Vitamin K is an essential nutrient for us when we think about elements that aid in blood clotting. It also protects our heart and helps in building bones. If you are deficient in vitamin K you will need to start increasing the amount of vitamin K foods you consume. This is also a good idea for people that are currently taking Coumadin and want to stay away from vitamin K. Consuming foods rich in this nutrient can aid them in avoiding the excessive thickening of the blood. The problem is that vitamin K will interfere with the action of Coumadin, which is basically a stroke preventer and a blood thinner. Contrary to what you might have heard, it is very easy to achieve the recommended daily dosage of vitamin K. Keep in mind that this nutrient is also manufactured by our body naturally to a certain degree. It is also a fat soluble vitamin, which means that excess quantities will be naturally stored in our body for further use the next day. This basically means that if you do not use up all the vitamin K stock in your body you can also use it tomorrow, without having to eat more vitamin K foods. On the other hand, such an approach is not recommended and you should make sure that you include enough vitamin K foods in your nutrition plan.

The best source of vitamin K from foods stands in leafy green vegetables. The best examples can be given in kale, spinach, collards and turnip greens. For instance, 1 cup of kale will give you 1147 micrograms of vitamin K. Spinach (at the same serving size mentioned before) will offer you a quantity that ranges from 889 to 1027 micrograms.
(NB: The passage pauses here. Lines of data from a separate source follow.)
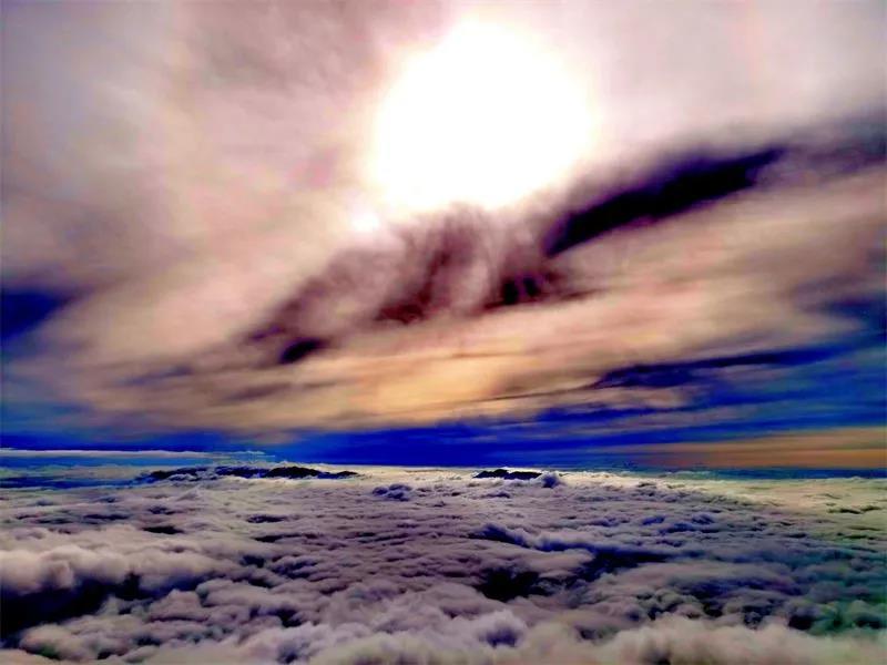 置身大蘆山的茫茫云海,如漫步云端,晨觀朝陽初升,暮賞落日紅霞,似有一只巧手執彩筆為遠處山嵐勾勒出一幅絕美圖景。云海漫涌,群山萬壑隱于云層之下,只有遠處的山巔隱約可見,如同天際的孤島,在白浪里沉浮翻騰。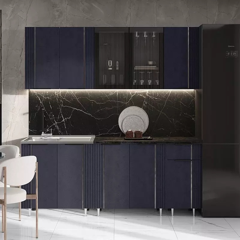 Кухня Виктория 2,0м (490) (Пластер Индиго, Графит (Кастилло темный))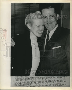Dr Dale Alford an outspoken segregationist hugs his wife and proclaims himself victor over Democratic Congressman Brooks Hays of Little Rock. Alford blasted Hays moderate stand on the integration question and ran as a last minute write in candidate against the veteran of 16 years in Congress. Alford is a life long Democrat but had run as an Independent since he did not take part in a primary.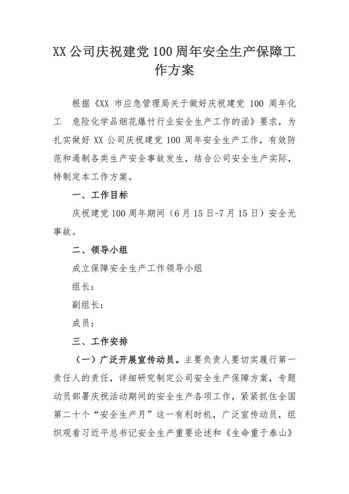 XX公司慶祝建黨100周年安全生產(chǎn)工作方案docx
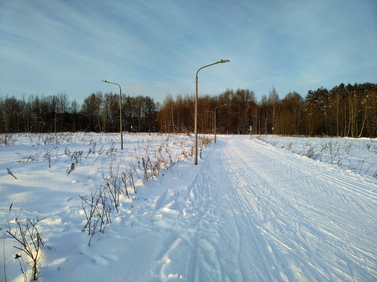 20 января, вечер. Круг 7,5 км в своём праймовом состоянии, плотно, не бетон, комфортно отталкиваться и держать равновесие. Ну может быть, подъёмы немного рыхловаты.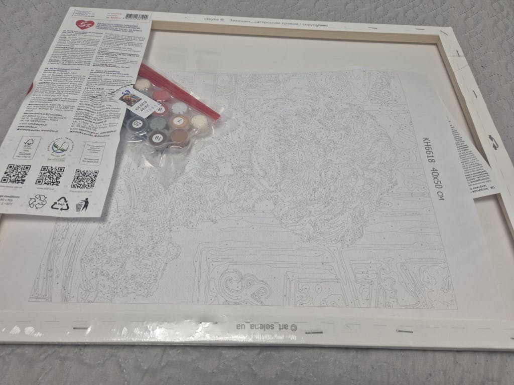 Komplektą sudaro: numeruota ir įrėminta natūrali drobė 40x50, nailoniniai teptukai (3 dydžių), numeruoti akriliniai dažai, kontrolinis lapas (popierinis arba su QR kodu).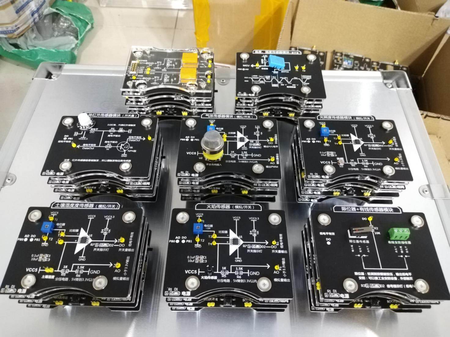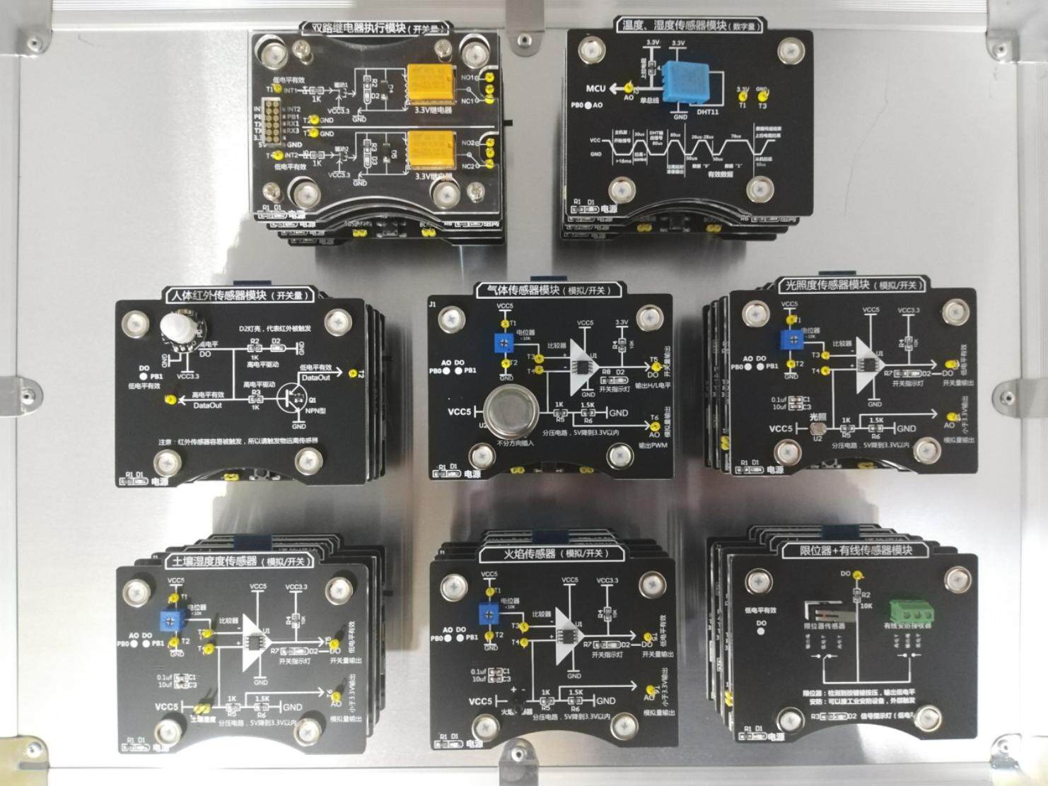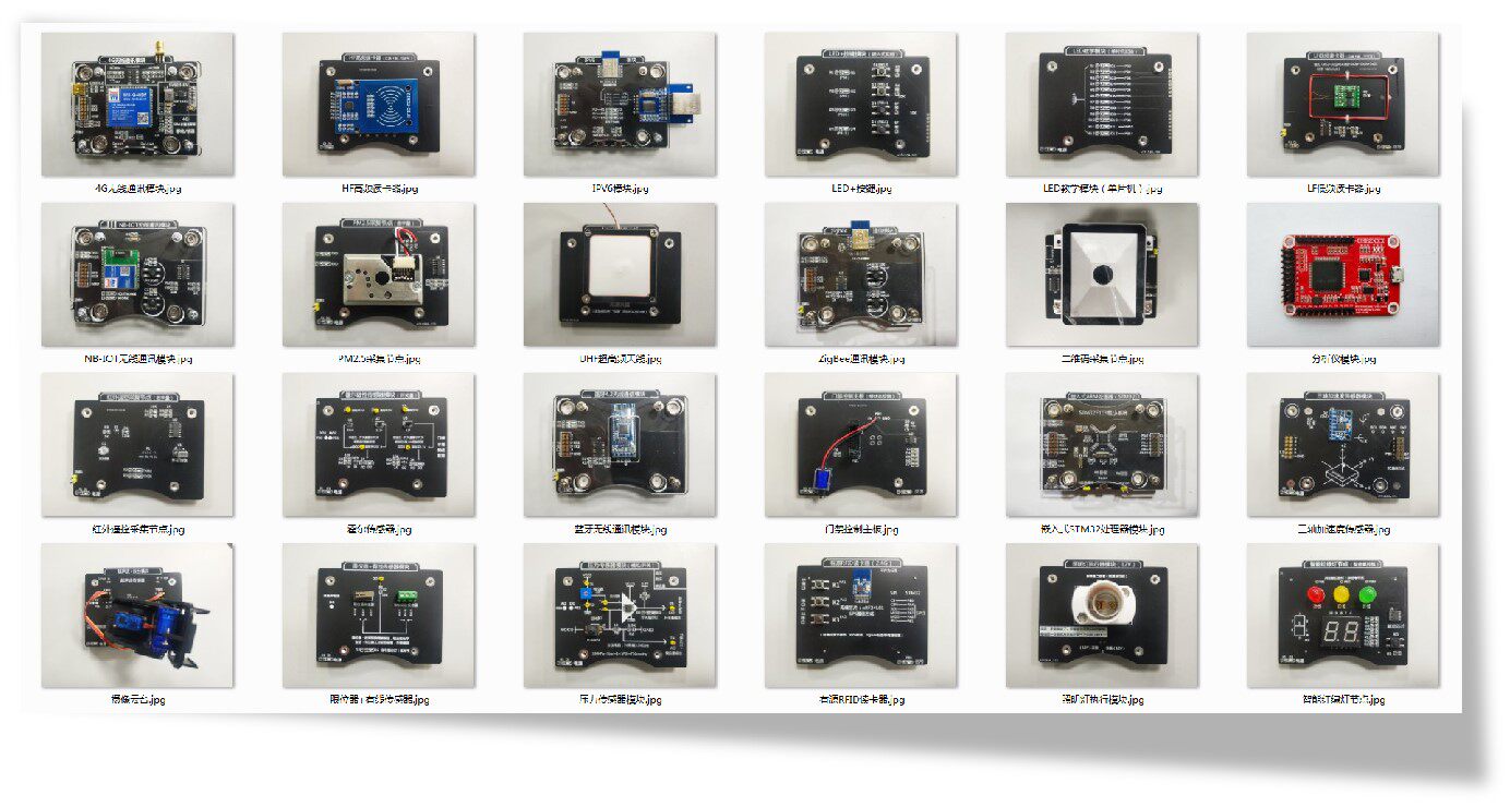 LED按键采集模块、照明灯执行器模块、双路风扇模块、TTL拓展模块、485转接通信板、摄像云台(带摄像头)、红外控制器、GPS定位器、智慧平衡车主板、门禁控制主板、4-20mA工业传感器模块、红绿灯模拟器模块、数码管显示器模块等。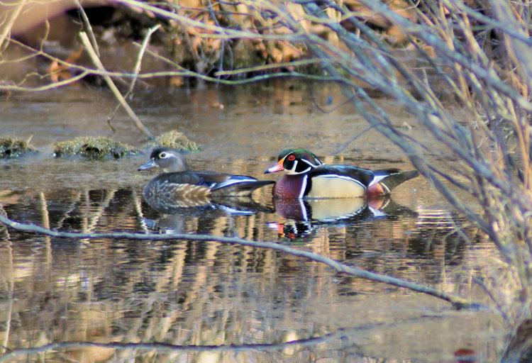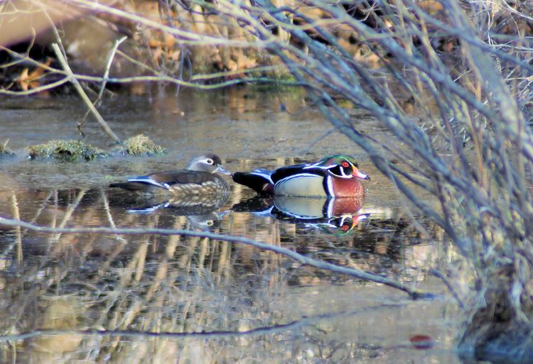 This is a pair of Wood Ducks on the freshwater pond at David Weld Sanctuary. The males are so extravagantly colored that sometimes I don’t even see the females with them. These shots should have been better, especially since I had to lay flat out on muddy ground to take them. But the photo gods do not reward effort alone. They seek focus. Focus of mind, focus of purpose, and focus in the freakin’ lens. What can I say? My dog ate my homework. JK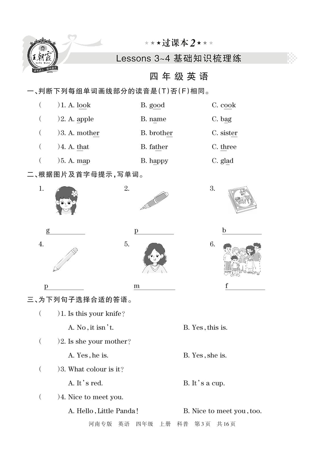 王朝霞期末过课本——Lessons 3~4 基础知识梳理练四年级上册英语(科普版)【2】

You should be aware that the variation is given by storage conditions and even whether or not the vegetables are cooked. The truth is that cooked vegetables loose a lot of nutrients and not only vitamin K. This is exactly why most nutritionists out there will recommend that you eat as many raw vegetables as possible. Such an approach is also recommended for vitamin K foods, as much as it is possible.

At the end of the day you can easily make sure that enough vitamin K foods are included in your regular diet plan. Sometimes you might need supplementation but in most situations a good multi vitamin product is more than enough to meet your personal needs. Special care must only be exhibited by those that have problems with the absorption of vitamin K or are taking medication that can interfere with the nutrient’s action.